<<<<
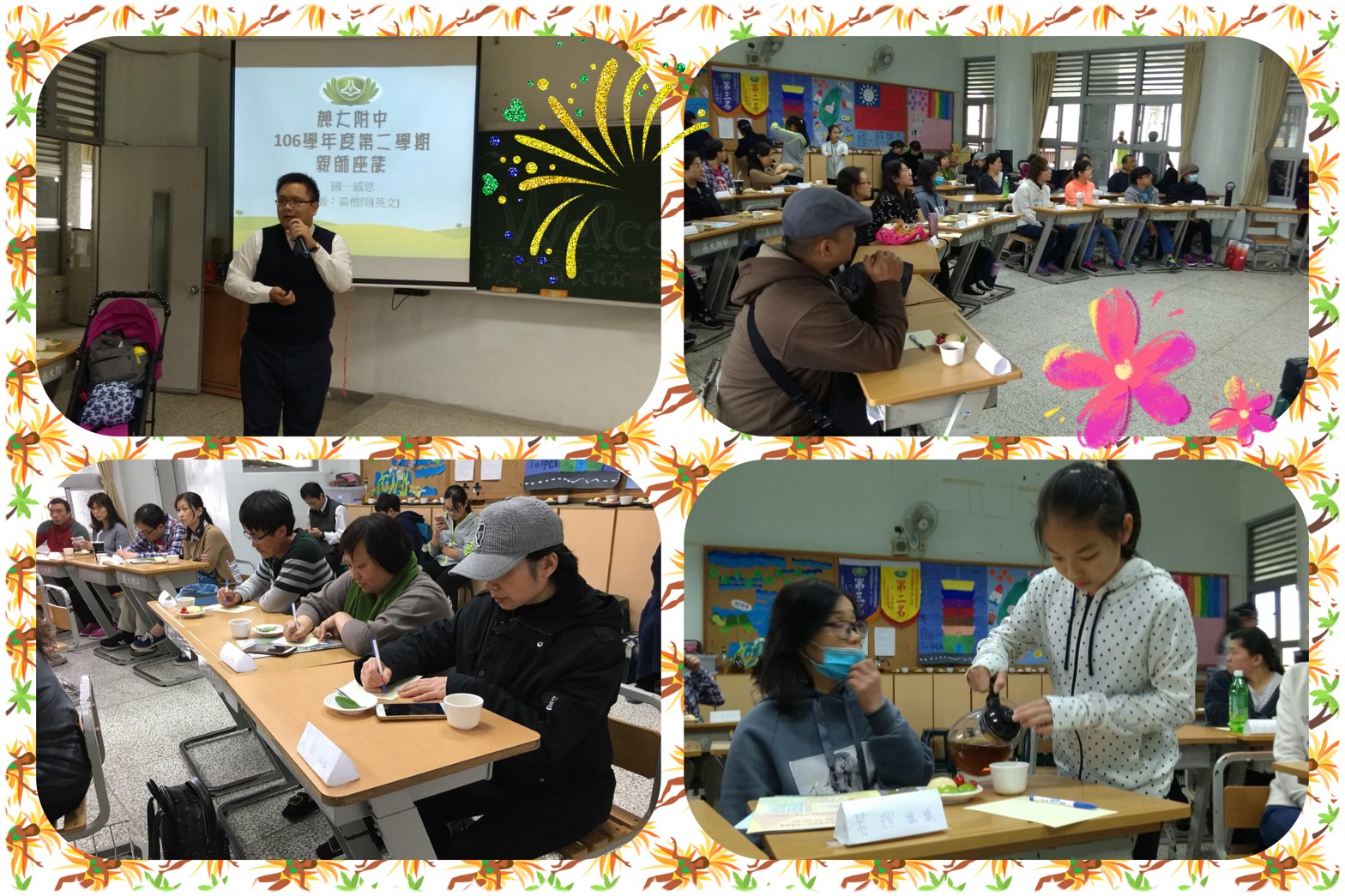 這次慈懿日活動,慈懿會安排全球總督導黃思賢師兄與呂宗翰師兄分享「我們說著共同的語言-墨西哥地震賑災之路」揭開了此次活動的序幕,精彩的分享內容,讓慈誠爸爸懿德媽媽收穫滿滿,尤其思賢師兄這句「看得透,忍不過,想得到,做不來,是因為功夫不夠」真是經典佳句。緊接著用完午餐爸爸媽媽迫不及待來到教室與孩子們相聚話家常,因應寒食節活動準備包潤餅讓孩子親身體驗這個節氣的意義,孩子們個個活潑的與媽媽們互動,整個家聚時間就在溫馨熱鬧的氣氛之下劃下完美的句點。隔天的班親會爸爸媽媽不辭辛勞遠從各地來參加,用心的想了解寶貝在學校的生活點滴與學習情況。
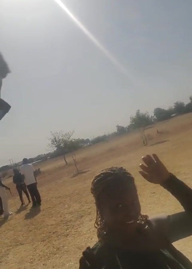 The video, filmed from a low angle on a sunny day, shows a Black woman with braids in a black outfit posing for the camera in a dry, grassy field. The sun is bright and high in the sky. In the background, several people are standing or walking around, including a man in a white shirt. A few sparse trees are scattered in the background. The woman smiles and waves at the camera.
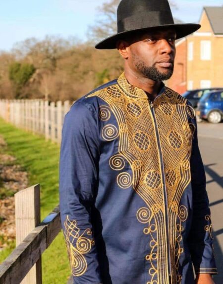 From our attractive menswear range is this fabulous men's navy blue shirt with gold African embroidery detail on the front for a stylish, elegant look. Perfect for weddings or other formal occasions!
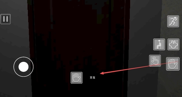 2、把屏幕中央的瞄准镜对准能够互动的物体,点击右边的手掌图标,就能触发开门之类的操作。
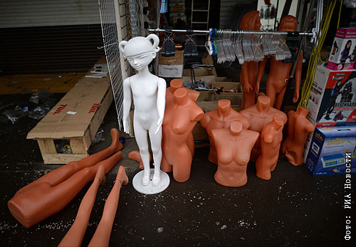 Манекены в палатке на территории торгового центра "Садовод" в Москве.
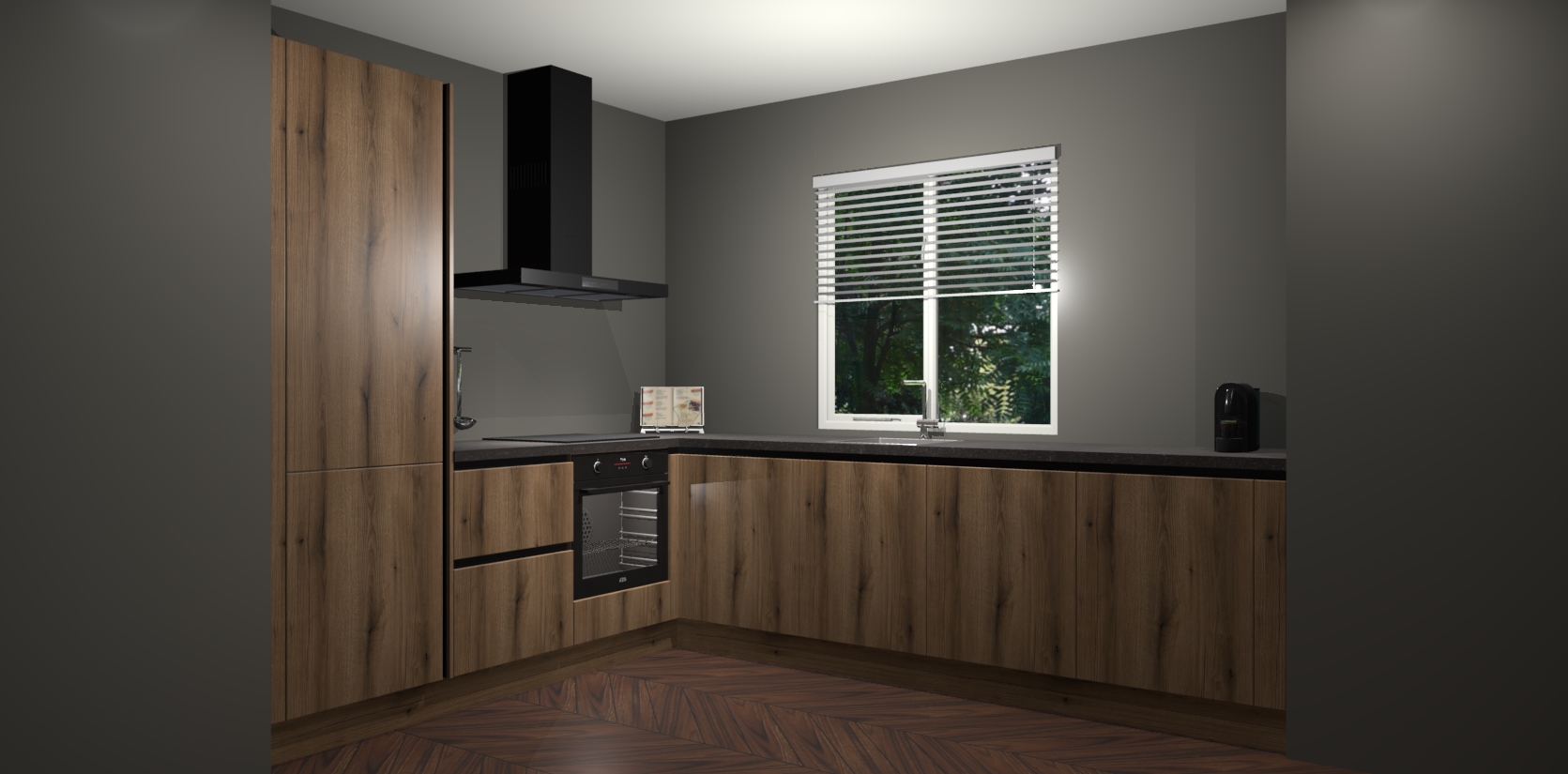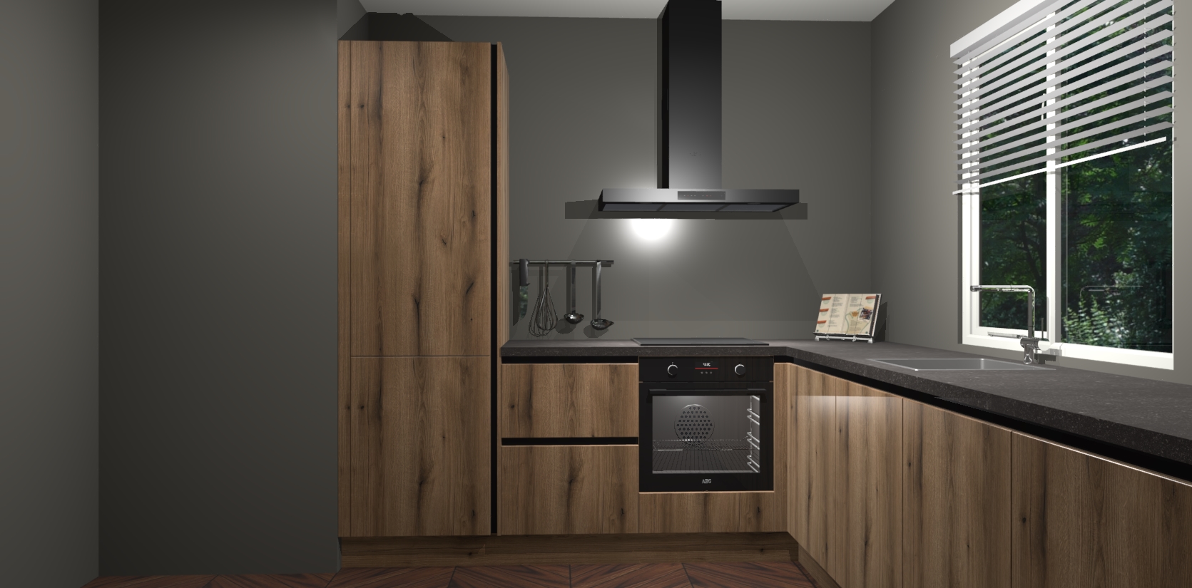 Maak kennis met de Goud Eiken keuken Doha - de perfecte aanvulling voor uw moderne keuken! Ervaar tijdloos design, elegantie en een chique uitstraling met onze zwarte handgrepen, soft-close deuren en veel opbergruimte. Dit alles wordt aangeboden tegen een vaste lage prijs voor ongeëvenaarde Duitse keukenkwaliteit!
>>>>
» Task item:
When you retype the data above, match every line exactly and leave the pictures behind.

» Output of the task:
 這次慈懿日活動,慈懿會安排全球總督導黃思賢師兄與呂宗翰師兄分享「我們說著共同的語言-墨西哥地震賑災之路」揭開了此次活動的序幕,精彩的分享內容,讓慈誠爸爸懿德媽媽收穫滿滿,尤其思賢師兄這句「看得透,忍不過,想得到,做不來,是因為功夫不夠」真是經典佳句。緊接著用完午餐爸爸媽媽迫不及待來到教室與孩子們相聚話家常,因應寒食節活動準備包潤餅讓孩子親身體驗這個節氣的意義,孩子們個個活潑的與媽媽們互動,整個家聚時間就在溫馨熱鬧的氣氛之下劃下完美的句點。隔天的班親會爸爸媽媽不辭辛勞遠從各地來參加,用心的想了解寶貝在學校的生活點滴與學習情況。
 The video, filmed from a low angle on a sunny day, shows a Black woman with braids in a black outfit posing for the camera in a dry, grassy field. The sun is bright and high in the sky. In the background, several people are standing or walking around, including a man in a white shirt. A few sparse trees are scattered in the background. The woman smiles and waves at the camera.
 From our attractive menswear range is this fabulous men's navy blue shirt with gold African embroidery detail on the front for a stylish, elegant look. Perfect for weddings or other formal occasions!
 2、把屏幕中央的瞄准镜对准能够互动的物体,点击右边的手掌图标,就能触发开门之类的操作。
 Манекены в палатке на территории торгового центра "Садовод" в Москве.
 Maak kennis met de Goud Eiken keuken Doha - de perfecte aanvulling voor uw moderne keuken! Ervaar tijdloos design, elegantie en een chique uitstraling met onze zwarte handgrepen, soft-close deuren en veel opbergruimte. Dit alles wordt aangeboden tegen een vaste lage prijs voor ongeëvenaarde Duitse keukenkwaliteit!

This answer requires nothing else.